Wir alle wissen aus dem Geschichtsbuch, wie schnell sich eine politische Lage durch Passivität radikalisieren kann.

Natürlich läuft nicht alles immer wie geschmiert, natürlich gibt es vieles, worüber wir uns beschweren und natürlich ist nicht jeder mit seiner Lage zufrieden. Aber wir dürfen nicht vergessen, dass unsere Demokratie noch sehr jung ist. Im Vergleich zu anderen fast noch ein Kind. Ein Kind muss man erziehen und den richtigen Weg zeigen. Nur weil uns manche Regierungsbeschlüsse im Hier und Jetzt nicht passen, heißt es noch lange nicht, dass sie auch morgen da sein werden. Denn wir haben die Macht, das zu ändern.

Niemand wird gezwungen

Aber selbstverständlich hat auch jeder das Recht, nicht wählen zu gehen. Auch das ist ein Privileg unserer Demokratie.
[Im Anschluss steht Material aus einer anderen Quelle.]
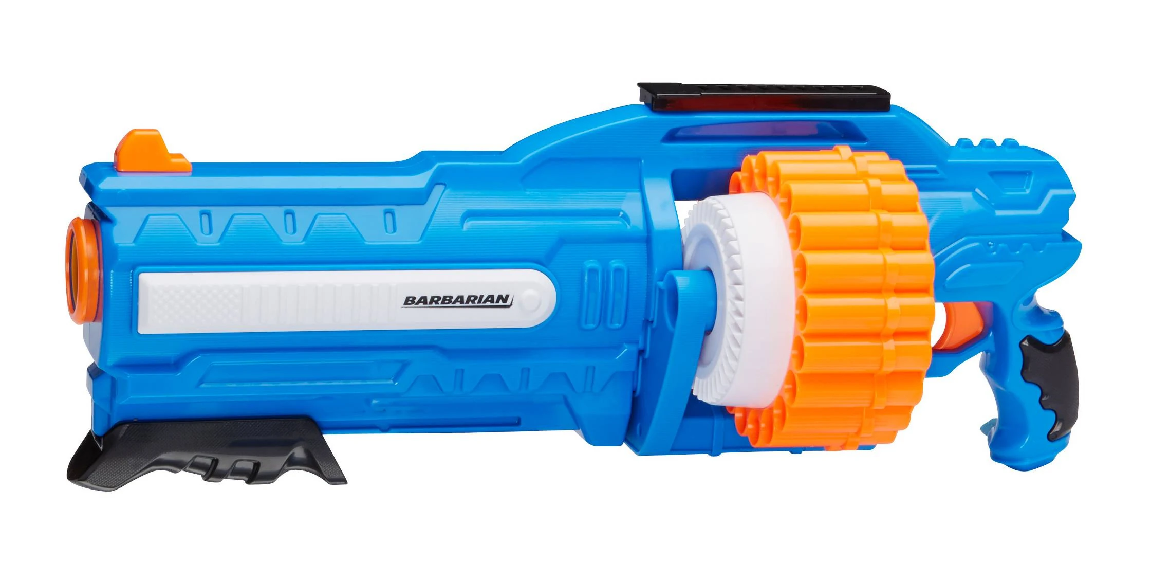 The Barbarian is a HAMP-action blaster. It features a removable forty dart section that is comprised of two twenty dart drums that rotate together via a gear system. These drums auto-advance upon pulling the priming handle back.

Keiner kann jemanden dazu zwingen, seinen Wahlzettel auszufüllen. Wenn ihr lieber zusehen wollt, wie eure Zukunft bestimmt wird, dann macht das. Lehnt euch zurück und genießt die Show.

Aber beschwert euch im Nachhinein nicht, wenn sich etwas daraus entwickelt, was euch nicht passt. Beschweren dürfen sich nur die Leute, die ihre Stimme von Anfang an genutzt haben.